The agency also undertook substantial work for Pfizer/Pharmacia in the therapeutic area of overactive bladder disorder.

Elsewhere, Countrywide Porter Novelli head of UK healthcare practice Carolyn Brown claims business was generally buoyant. 'But we didn't grow as much as the previous year, or as strongly as we hoped,' she adds.

A major headache for the pharma PR sector as a whole last year was a much tougher market as R&D budgets were realigned. The Pfizer/Pharmacia merger may have grabbed the headlines, but far more damaging to PR spend was the knock-on effect of previous consolidations, such as AstraZeneca and GlaxoSmithKline.

'With drugs typically taking nine to 12 years to get to market, R&D rationalisation following mergers that happened two or more years ago put a real downward pressure on marketing budgets last year,' notes Brown.

Subsequently, the regulatory environment became more stringent, leading to fewer new drug applications. According to industry publication Pharmafocus (Jan 2003), only 31 drugs were submitted for approval by the European Medicines Evaluation Agency in 2002, down from 58 in 2001. And in the US, the Food and Drug Administration approved just 16 drugs in 2002, compared with 24 in 2001.

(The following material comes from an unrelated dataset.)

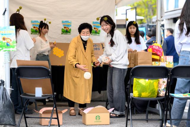 특히 ‘MGMG’팀이 운영한 ‘Bee-ssion Possible’ 부스는 벌과 환경의 긴밀한 관계를 체험형 콘텐츠로 풀어내며 이날 현장에서 최다 참여 인원을 확보했다. 참가자들은 ‘Bee-lance Game’을 통해 벌이 사라진 세상을 가정하고 선택지를 고르며 생태계에서 벌의 역할을 인식했고, ‘꽃가루 복구 대작전’에서는 꽃밭을 복원하는 게임을 통해 수분 활동의 가치를 체험했다. 이어 ‘친환경 인증 마크 Match up!’ 게임으로 친환경 소비가 곧 벌 보호로 이어진다는 점을 배우고, 마지막 ‘To. the bees’ 코너에서는 벌에게 응원의 메시지를 남기며 체험을 마무리했다.

'The drugs pipeline is fairly flat at the moment,' admits Galliard Healthcare Communications managing director Marika Freris. 'There are no big blockbusters coming through in the short term and, with a lot of high-selling drugs such as Prozac coming off patent, pharma companies are also losing revenue to generic houses and having to recoup their expenditure by cutting programmes elsewhere.'

Current uncertainties about DTC communications present further challenges.

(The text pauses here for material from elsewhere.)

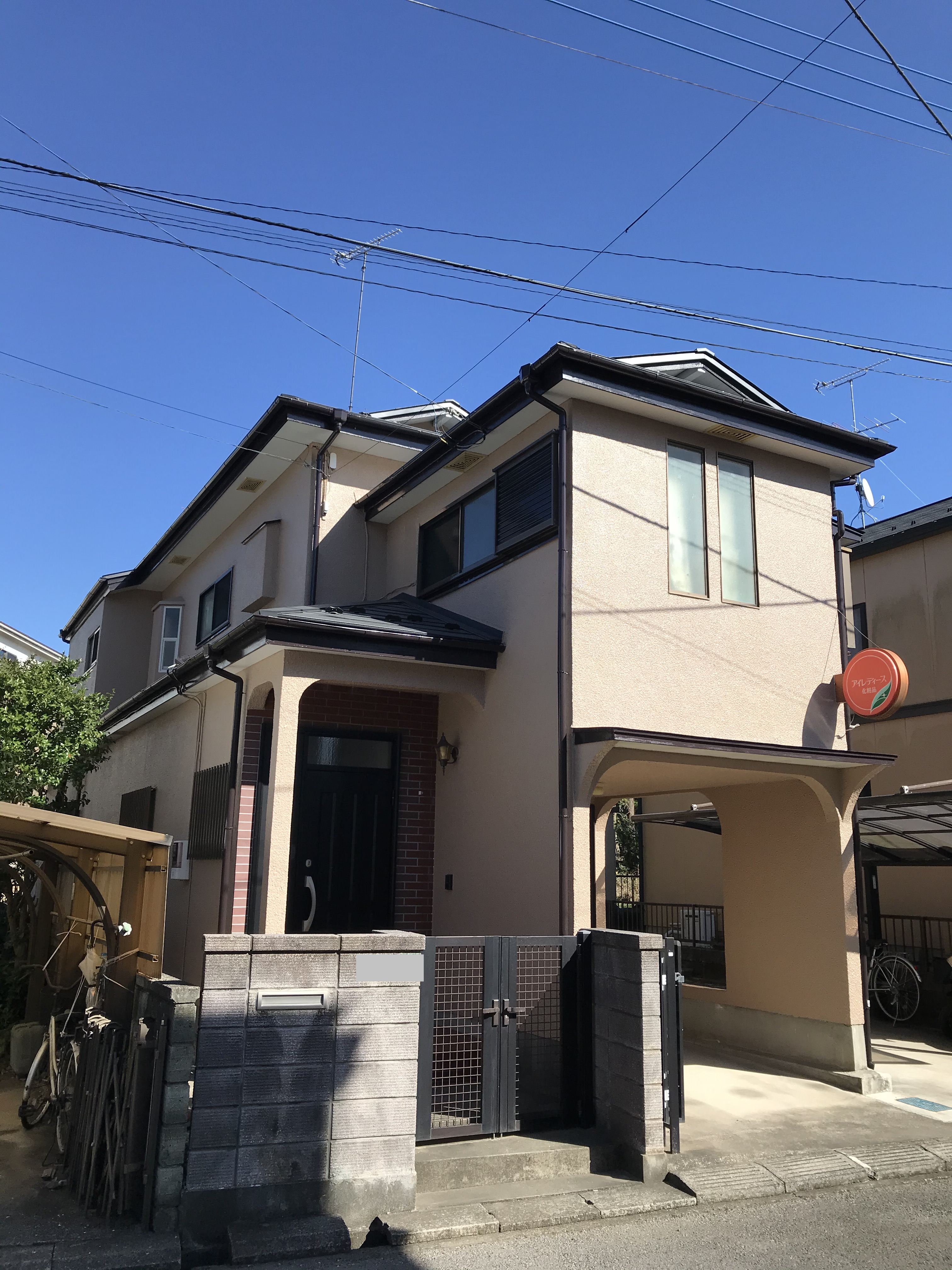 外壁の色は、白→落ち着きのあるベージュ色 屋根はガルバニウムで張替え

After widely publicised concerns over disease awareness campaigns backed by drugs companies, in April this year the Medicines and Healthcare products Regulatory Agency published new guidelines on such activities.

This advice states that a campaign 'should not be of such a nature that an individual would be encouraged to approach a prescriber to request a particular medicinal option'.

It is still uncertain what influence proposed EU legislation will have on wider DTC communications issues. With a looser regulatory environment in the US, allied to easy access to data over the internet, most welcome the idea that, for quality reasons, the drug owners should be the ones owning the information.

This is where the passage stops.